I też zgodzę się z tym, że jak ktoś po 10 latach pracy w jakimś zawodzie chce iść na med to tak, tak, idź, szansa życia!", a gdyby ktoś po 10 latach bycia lekarzem chciałaby zmienić zawó to pewnie byłoby nie rób tego
Myślę, soczka, że najlepiej będzie jak dotrwasz do czerwca i w międzyczasie zastanowisz się co tak naprawdę chcesz robić, bo w połowie roku akademickiego i tak na nowe studia nie pójdziesz. A w ogóle czy żadne inne przedmioty Ci się nie podobają? Czy w ogóle jest coś co Cię trochę bardziej interesuje? W czym czujesz się dobry?

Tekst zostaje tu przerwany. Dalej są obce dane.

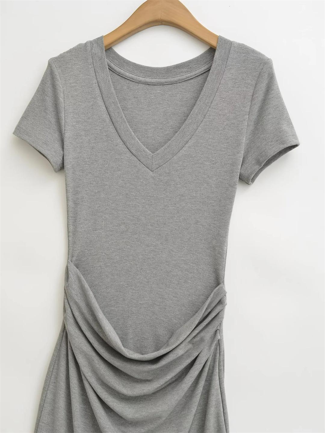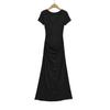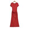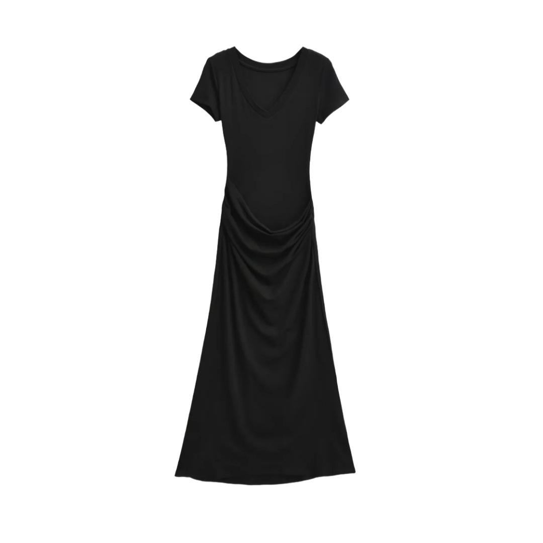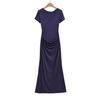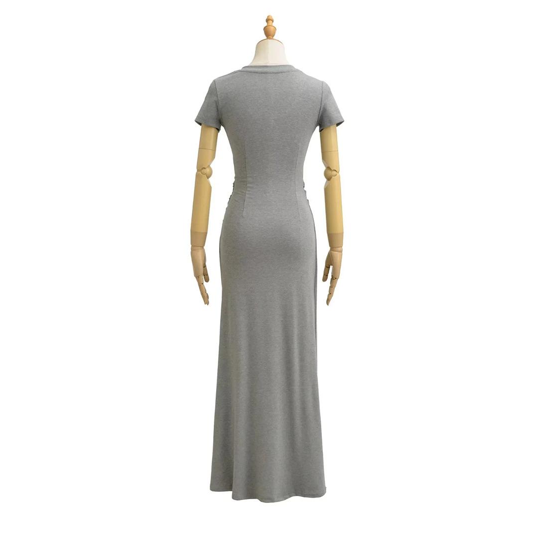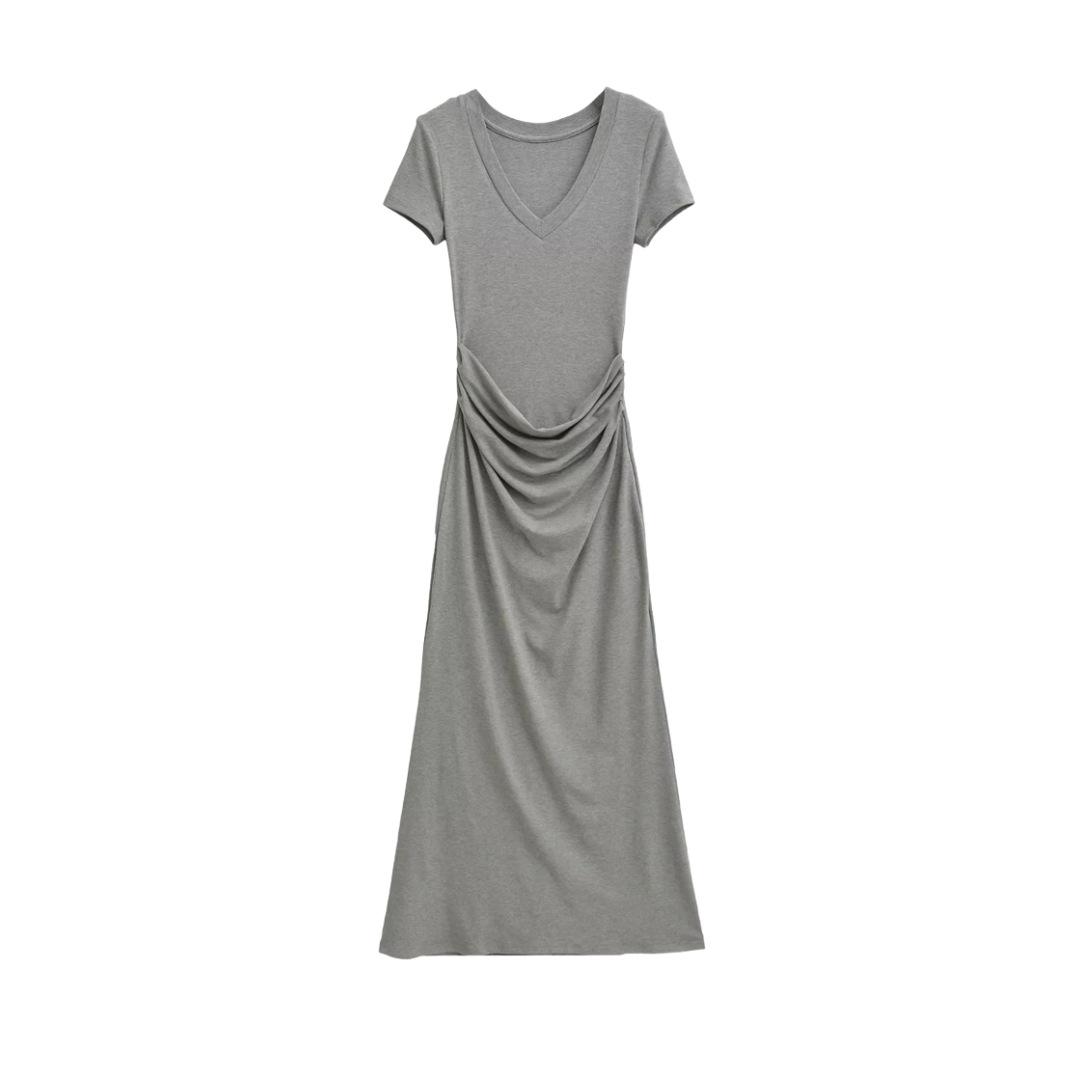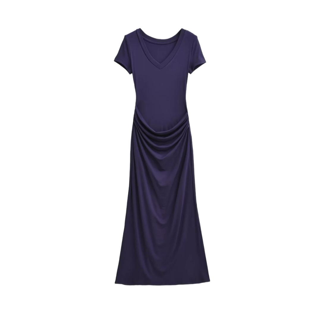 Vestido largo ajustado sexy elástico de color sólido estilo europeo y americano para mujer, cuello en V, cintura plisada ceñida, manga corta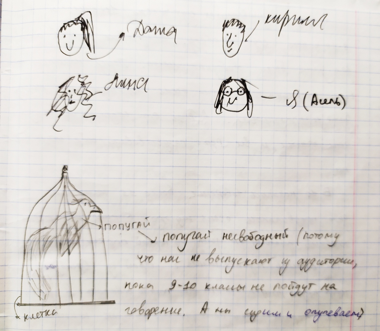 | Попугай несвободный, потому что нас не выпускают из аудитории, пока 9-10 классы не пойдут на говорение. А мы сидим и опупеваем |

Re: Czy warto zrezygnować z medycyny ?

: 6 sty 2017, o 21:43
autor: Mårran
Tak, zanim zaczniesz zmieniać swoje życie, musisz mieć plan, jakąś bazę, coś, w czym chcesz się spełniać. Bo na spontana jest modne wśród coachów, ale tak mogą tylko ludzie już mający wybitny talent w jakimś kierunku, którzy potem zostają milionerami.
I przestrzegam przed wybieranem takich planów na życie jak fotografia czy podróże i pisanie o nich, bo to temat modny jak dzwony w latach 70-tych, każda nastolatka o tym marzy i wiele próbuje, sądząc po tysiącach stron i blogów.
Ale jakiś konkretny pomysł na siebie w zamian medycyny może oszczędzić Ci wielu życiowych problemow

Re: Czy warto zrezygnować z medycyny ?

: 9 sty 2017, o 17:03
autor: mossa
SavannahS pisze:Co innego zmęczenie, zniechęcenie ilością materiału, a co innego stwierdzenie, że to nie jest coś, co mnie kręci. To prawda, że zawsze przyjdzie jakiś dół", brak motywacji, ale gdy ja na 1 roku uczyłam się anatomii, to interesowało mnie to i chciałam się uczyć, tylko że po wielu godzinach nauki często późnym wieczorem nie ma się na nic ochoty. soczka, pisze wyraźnie nie podoba mi się, nie interesuje mnie to". Czy warto się męczyć ze studiami, których się nie lubi tylko dlatego, że to medycyna?
Anatomia nie interesowała mnie kompletnie, i nie interesuje nadal - zawsze najtrudniejszą do przebrnięcia częścią każdego podręcznika było krótkie streszczenie anatomii oka/ucha/układu rozrodczego/nerwowego czy czego tam dany podręcznik dotyczył. No dramat zupełny jak dla mnie z tą anatomią, nic tylko rzucać studia żeby się nie męczyć. Ale jednak nie. Jakoś przemęczyłam, dotrwałam do klinik. Zainteresowała mnie interna, później intensywna terapia. Studia skończyłam, w pracy się odnajduję. A anatomia nadal mnie nudzi i męczy. I w całkiem sporej części specjalizacji nie jest potrzebna w nawet połowie tego, co trzeba na I roku wkuć.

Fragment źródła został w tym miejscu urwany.